So, finally, it’s here. Apple’s iPhone X has arrived with all the pomp and grandiosity of a Persian emperor. But is the Cupertino company’s latest offering–which marks a decade, improbably, since the first iPhone–a market misstep?
200 million people buy an iPhone each year. It is still the world’s most popular smartphone, followed by Samsung’s Galaxy line. The X (pronounced ‘ten’, of course) is packed with features and gadgetry that will delight gizmo-hungry first movers.
There’s facial recognition, which can detect when the phone’s owner is looking at it, an OLED screen (made by Samsung), an A11 bionic chip, and ‘Animoji’, with which users can turn themselves into a talking unicorn, or poo, emoji. The X has dispensed with the famous home button, too, which has annoyed some dyed-in-the-wool enthusiasts, but energized many more.
But the X’s price, $999, has already prompted a wave of criticism from industry experts who feel Tim Cook and co have priced themselves into a dangerous corner, at a pivotal moment for the smartphone industry.
A recent WalletHub survey found that three quarters of respondents did not plan to buy the new iPhone. Many commenters have already singled out the iPhone 8 as a better deal. And many of the X’s new features are already in play on Android-equipped competitors.
Credit debt is already at an all-time high: will consumers decide that the X is a frivolous step too far?

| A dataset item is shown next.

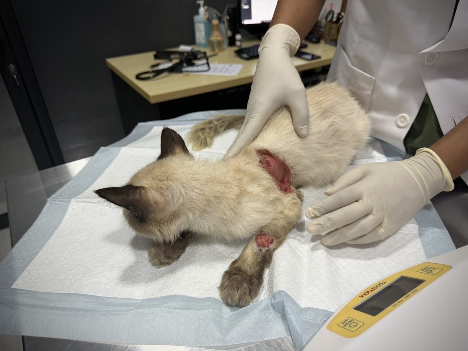 Kofi od rana jest w lecznicy – ma przemywane rany, zmieniany opatrunek i podawane leki. To dla niego dopiero początek. Rany Kofika są rozległe i głębokie, przez co droga do zdrowia będzie długa i ciężka.

And that’s just in the United States. Elsewhere, it has long been heralded, the Chinese are coming. Huawei, Oppo, Vivo, Xiaomi and others offer a range of cheap and feature-heavy smartphones that could topple Apple’s grip on the global market.
Huawei has long been advertising its own products hard in Europe–Red Herring even attended an ice hockey match in Minsk, Belarus, whose mascot was a Huawei panda–and, as the third-biggest seller of smartphones worldwide it is probably best placed to topple the Samsung/Apple digital diarchy.
Huawei now has $61bn in sales, and 170,000 employees worldwide. It sold around 140m smartphones in 2016, a figure it expects to surpass by some way this year. By 2018, the company has told Fortune, it expects to sell more handsets than Apple.
Huawei tops domestic smartphone sales in China with just under 21% market share, according to researcher Counterpoint. But others, such as Oppo, Vivo and Xiaomi all take home a big percentage too.
Apple ranks fourth with a 10.7% share. Its opposition is leading the way. And with Chinese smartphone makers reaping more and more from developing markets in Asia and Africa each year, it is doubtful whether Apple’s push in the luxury direction will stand it in good stead for a digital revolution in massive, upcoming mobile markets like Indonesia, Nigeria and the Philippines.
By pricing its latest iPhone at more than the cost of a car in many of those nations, has Apple just missed the latest wave of the smartphone industry?